COVID-19 mortality rate and its associated factors during the first and second waves in Nigeria.

COVID-19 mortality rate has not been formally assessed in Nigeria. Thus, we aimed to address this gap and identify associated mortality risk factors during the first and second waves in Nigeria. This was a retrospective analysis of national surveillance data from all 37 States in Nigeria between February 27, 2020, and April 3, 2021. The outcome variable was mortality amongst persons who tested positive for SARS-CoV-2 by Reverse-Transcriptase Polymerase Chain Reaction. Incidence rates of COVID-19 mortality was calculated by dividing the number of deaths by total person-time (in days) contributed by the entire study population and presented per 100,000 person-days with 95% Confidence Intervals (95% CI).

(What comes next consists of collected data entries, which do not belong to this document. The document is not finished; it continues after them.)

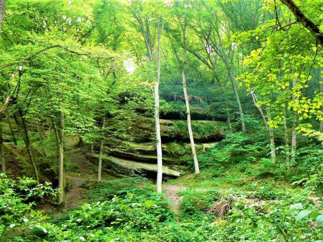 Here, sandstone rocks form picturesque landscapes in the middle of a hornbeam forest. The most impressive are the "Mushroom", "Baran", and "Vysiachka" rocks.
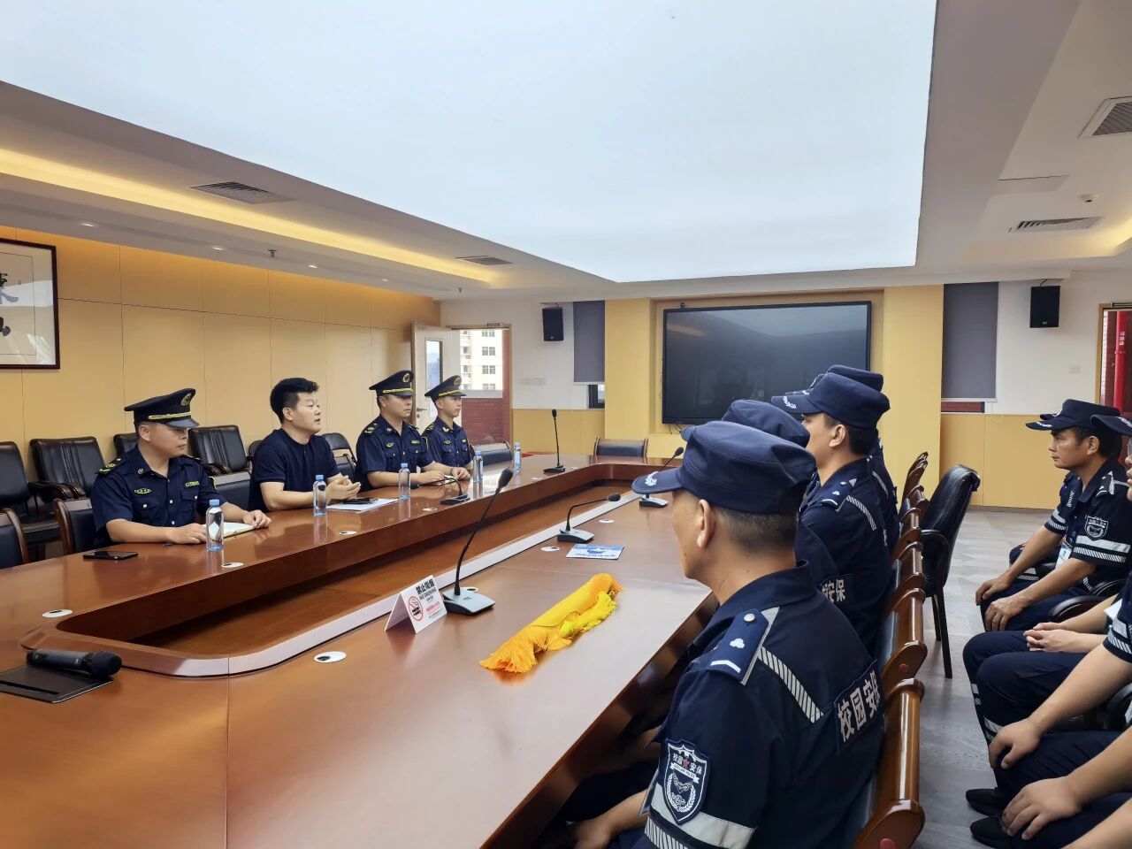 为表彰东湖中学保安队的优异表现,传递公司关怀,9 月12日,罗湖保安公司副总经理杨剑同志专程前往学校,为保安队发放慰问金,鼓励队员们继续以高标准、严要求做好校园安保工作。
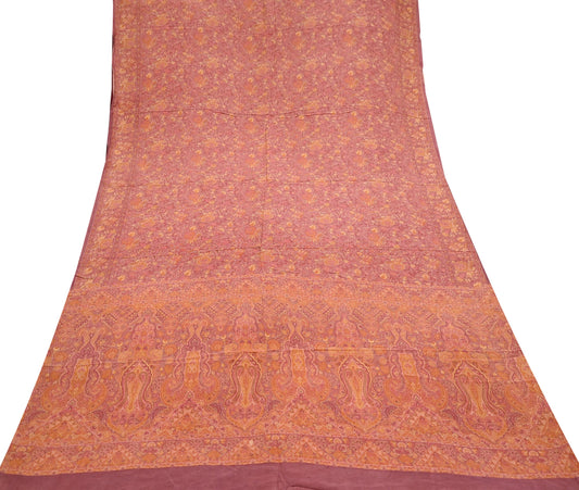 Indian Vintage Saree Pink & Beige Pure Woolen Woven Printed Sari Soft Warm Fabric 5Yard Floral Woven Border
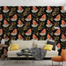 Fototapet fåglar | Grafiskt mönster av färgglada fåglar på svart bakgrund
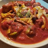 - 4 全体に焼き色がついたらトマトソースの材料を入れて中火で煮ます。
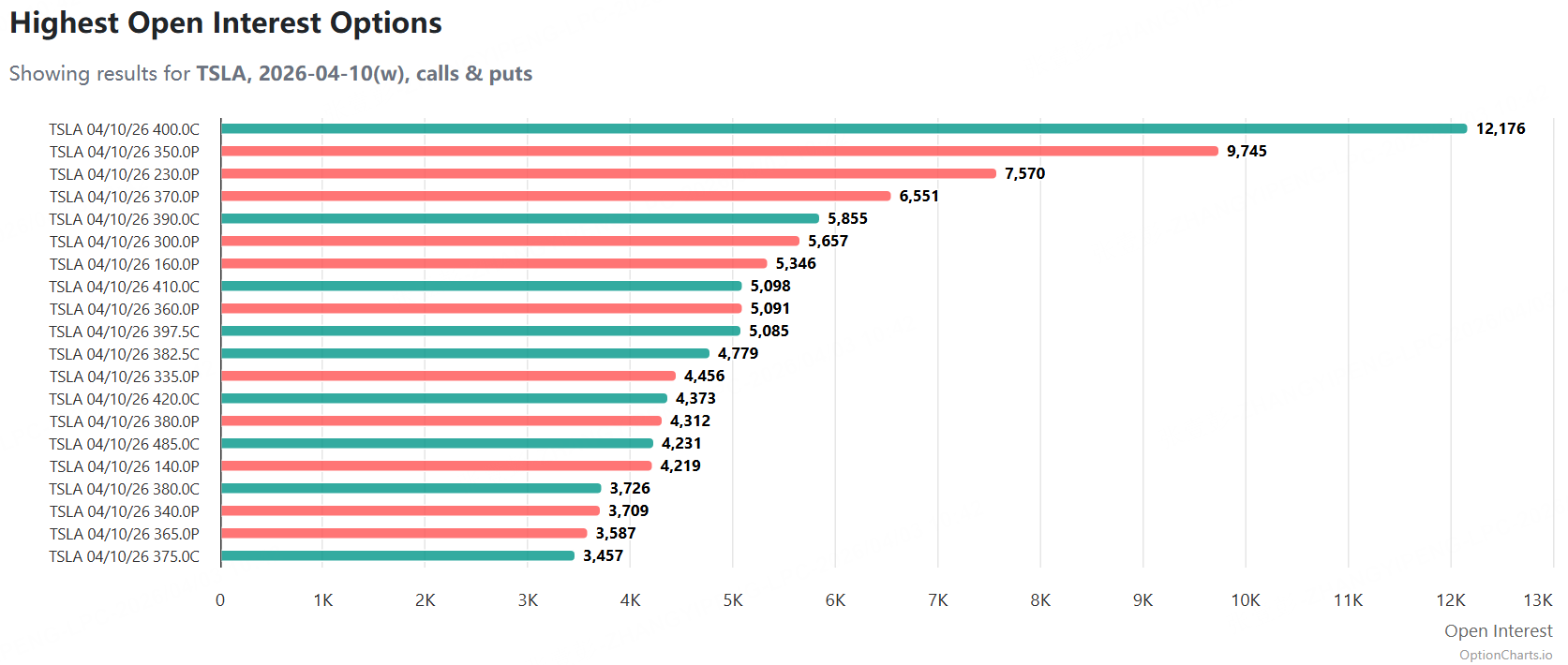 行权价400.0的看涨期权聚集了12,176张未平仓合约,是OI最集中的点位。
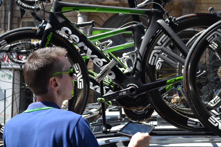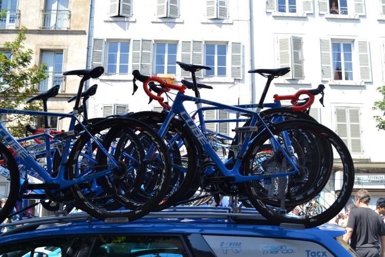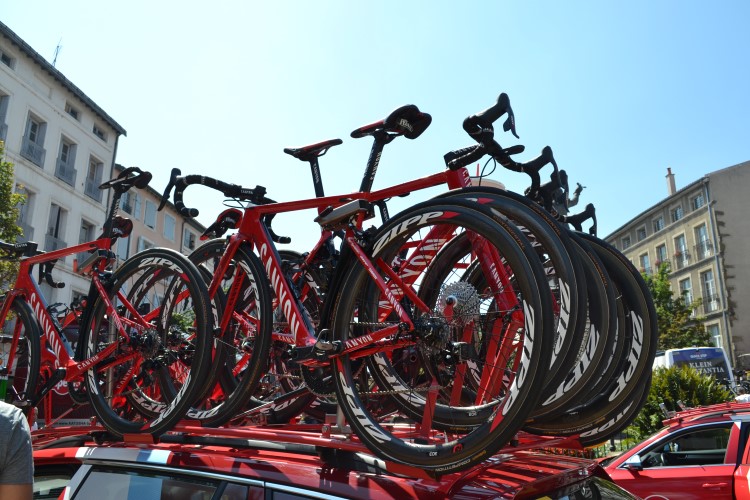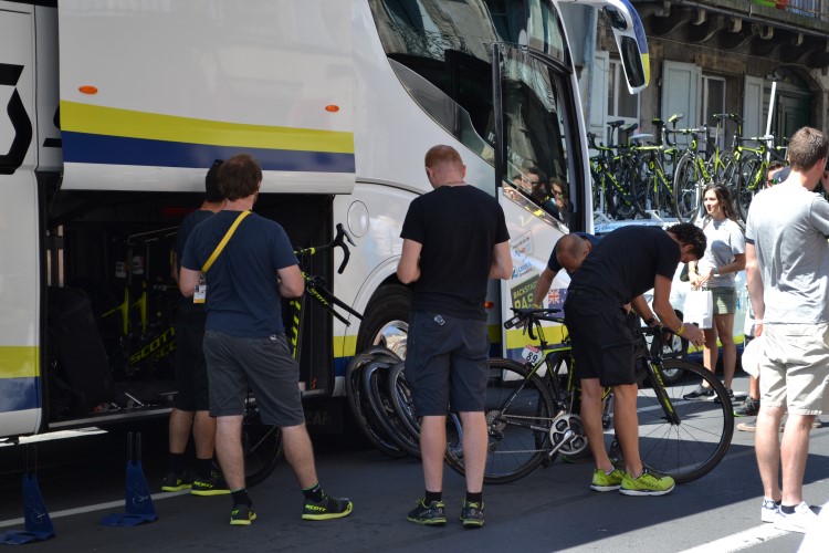 We trekken weer weg, naar de plek waar we vermoeden dat de ploegenbussen zullen staan. En daar staan ze inderdaad ook. We slenteren er langs, kijken mooie bussen en heel, héél veel fietsen.
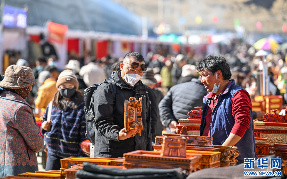 12月1日,市民在西藏自治区山南市第45届雅砻物资交流会现场挑选商品。新华网 旦增努布 摄
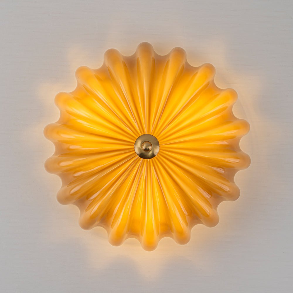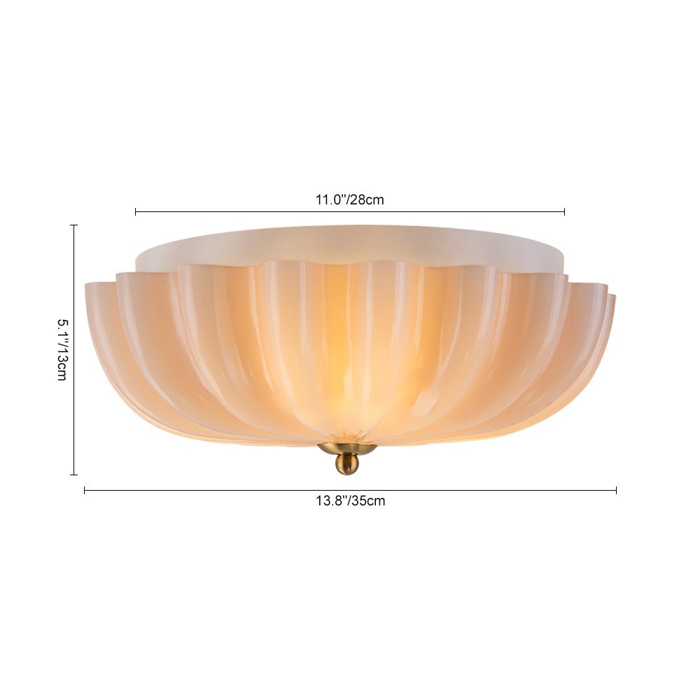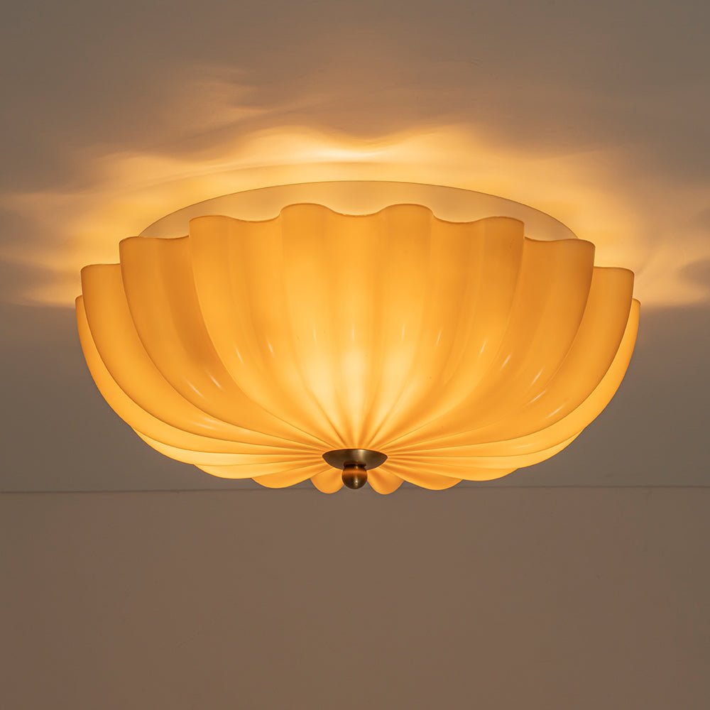 Like a flower captured in full bloom, this sculptural glass semi-flush ceiling light brings softness, warmth, and quiet wonder to your space. Its delicately pleated shade unfurls in gentle curves, crafted from glossy glass that enhances both form and glow.
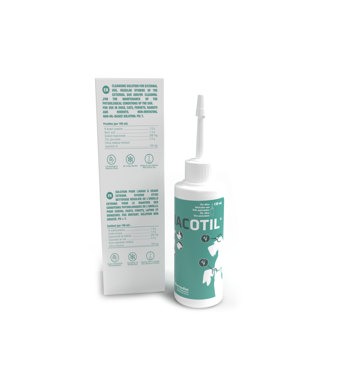 Realizar un ligero masaje en la base de la oreja para permitir la correcta distribución del producto. Si es necesario, posteriormente, limpiar el interior del pabellón con un algodón o gasa estéril.
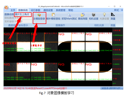 Step1:如图7所示,通过“通道名称”处选择我们要进行模板学习的通道:“膜片左上角点”,然后点击“主模板登录”进行图像的模板学习。
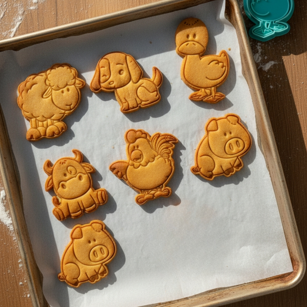 Kit 6 Cortador Marcador Biscoitos Tema Fazendinha Pasta Americana Animais Molde Massinha Bolacha
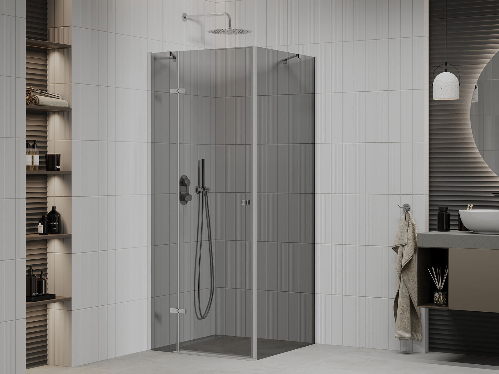 V závislosti od vašich potrieb je možné produkt namontovať na sprchovací podnos aj priamo na podlahe. Univerzálna montážna metóda vám umožňuje prispôsobiť produkt rôznym typom kúpeľní a nakonfigurovať priestor.
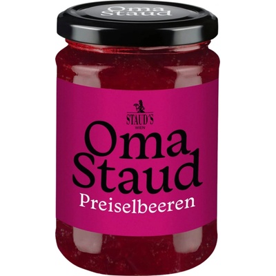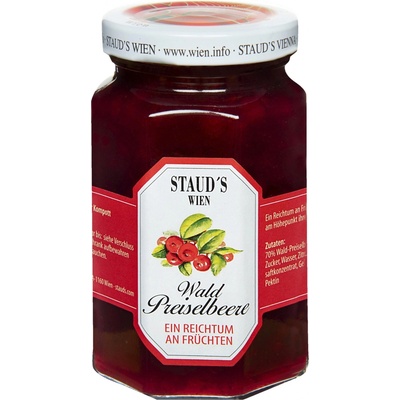 Brusinková ovocná pomazánka v osvědčené kvalitě STAUD'S vysoký obsah ovoce s koncentrátem citronové šťávy ideální na snídaňový chléb

Adjusted negative binomial regression was used to identify factors associated with COVID-19 mortality. Findings are presented as adjusted Incidence Rate Ratios (aIRR) with 95% CI. The first wave included 65,790 COVID-19 patients, of whom 994 (1∙51%) died; the second wave included 91,089 patients, of whom 513 (0∙56%) died. The incidence rate of COVID-19 mortality was higher in the first wave [54∙25 (95% CI: 50∙98-57∙73)] than in the second wave [19∙19 (17∙60-20∙93)]. Factors independently associated with increased risk of COVID-19 mortality in both waves were: age ≥45 years, male gender [first wave aIRR 1∙65 (1∙35-2∙02) and second wave 1∙52 (1∙11-2∙06)], being symptomatic [aIRR 3∙17 (2∙59-3∙89) and 3∙04 (2∙20-4∙21)], and being hospitalised [aIRR 4∙19 (3∙26-5∙39) and 7∙84 (4∙90-12∙54)]. Relative to South-West, residency in the South-South and North-West was associated with an increased risk of COVID-19 mortality in both waves. In conclusion, the rate of COVID-19 mortality in Nigeria was higher in the first wave than in the second wave, suggesting an improvement in public health response and clinical care in the second wave. However, this needs to be interpreted with caution given the inherent limitations of the country's surveillance system during the study.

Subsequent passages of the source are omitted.